■ **YOUR TASK**:
Copy each line below exactly and leave the pictures out.

■ **SUPPLIED DATA**:

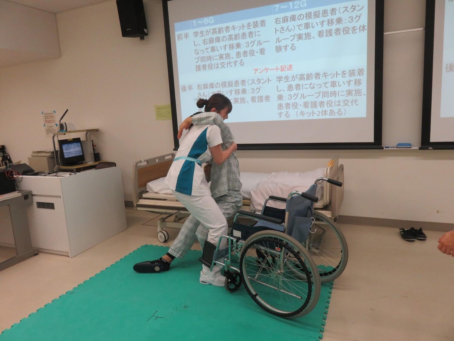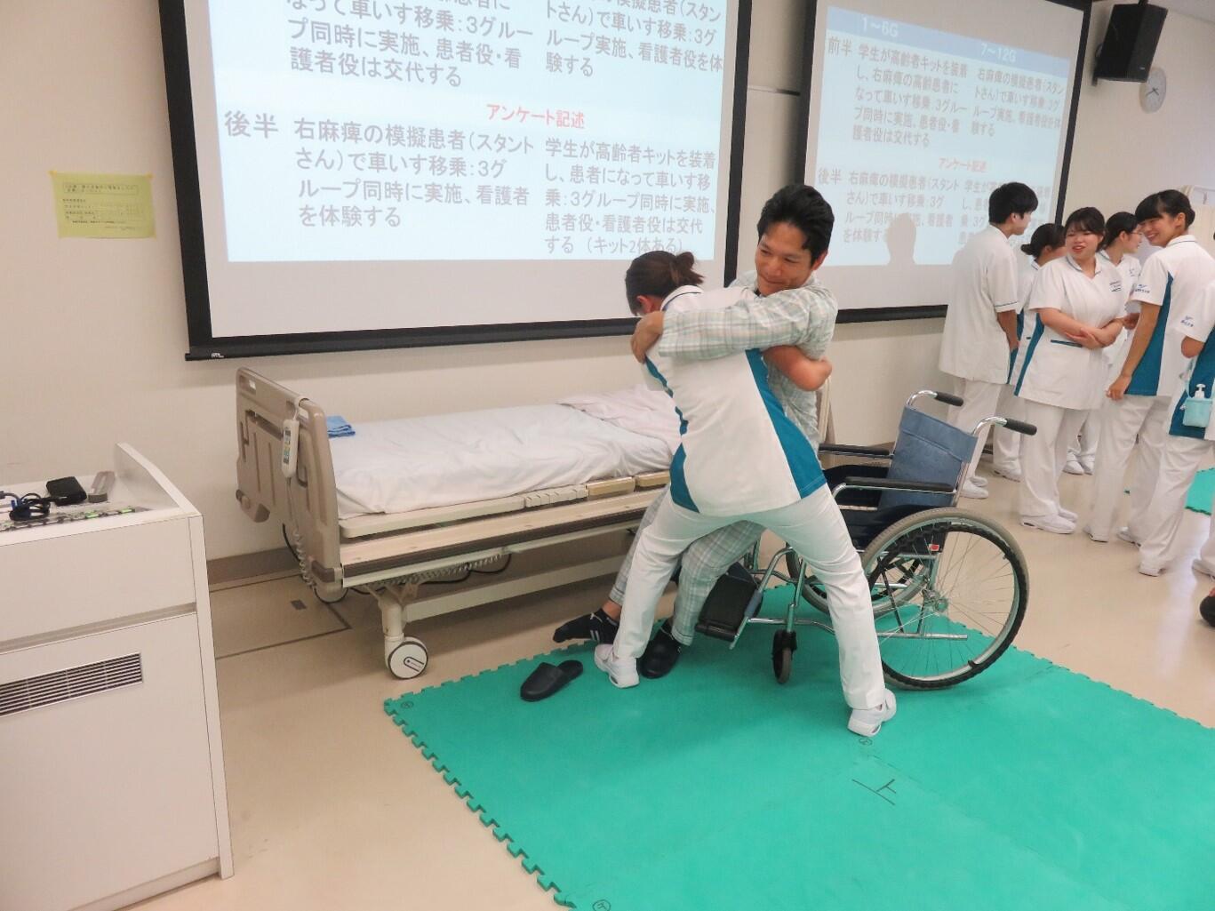 授業では、倉田プロモーションでスタントマンとして活躍されている方が患者を演じて下さり、4回生の学生・教員が新人・先輩看護師役になり医療事故現場を再現しました。授業の後半では、一人一人の学生が看護師役になり、プロのスタントマンさんに患者役を演じてもらい、ベッドから車いすへの移動時の危険場面を再現し、医療事故を実体験してもらいました。
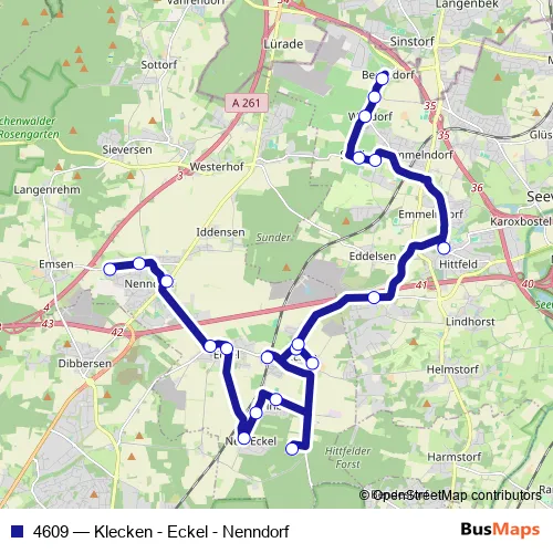 The first stop of the 4609 bus route is Nenndorf, Oberschule and the last stop is Beckedorf, Weiderweg. 4609 (Klecken - Eckel - Nenndorf) is operational during on weekdays.
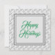 O design apresenta o desejo de feriado "Felizes Feriados" em um roteiro verde em um padrão de prata e branco. Um cartão de cartões de natal elegante para família, amigos, colegas e associados. Itens relacionados ao design disponíveis na Loja WD Art Zazzle. Para solicitações ou perguntas especiais, entre em contato com o artista em wafadahdalcreates@gmail.com. © Wafa Y. Dahdal - Todos os direitos reservados.

■ **RESPONSE TO THE TASK**:
 授業では、倉田プロモーションでスタントマンとして活躍されている方が患者を演じて下さり、4回生の学生・教員が新人・先輩看護師役になり医療事故現場を再現しました。授業の後半では、一人一人の学生が看護師役になり、プロのスタントマンさんに患者役を演じてもらい、ベッドから車いすへの移動時の危険場面を再現し、医療事故を実体験してもらいました。
 The first stop of the 4609 bus route is Nenndorf, Oberschule and the last stop is Beckedorf, Weiderweg. 4609 (Klecken - Eckel - Nenndorf) is operational during on weekdays.
 O design apresenta o desejo de feriado "Felizes Feriados" em um roteiro verde em um padrão de prata e branco. Um cartão de cartões de natal elegante para família, amigos, colegas e associados. Itens relacionados ao design disponíveis na Loja WD Art Zazzle. Para solicitações ou perguntas especiais, entre em contato com o artista em wafadahdalcreates@gmail.com. © Wafa Y. Dahdal - Todos os direitos reservados.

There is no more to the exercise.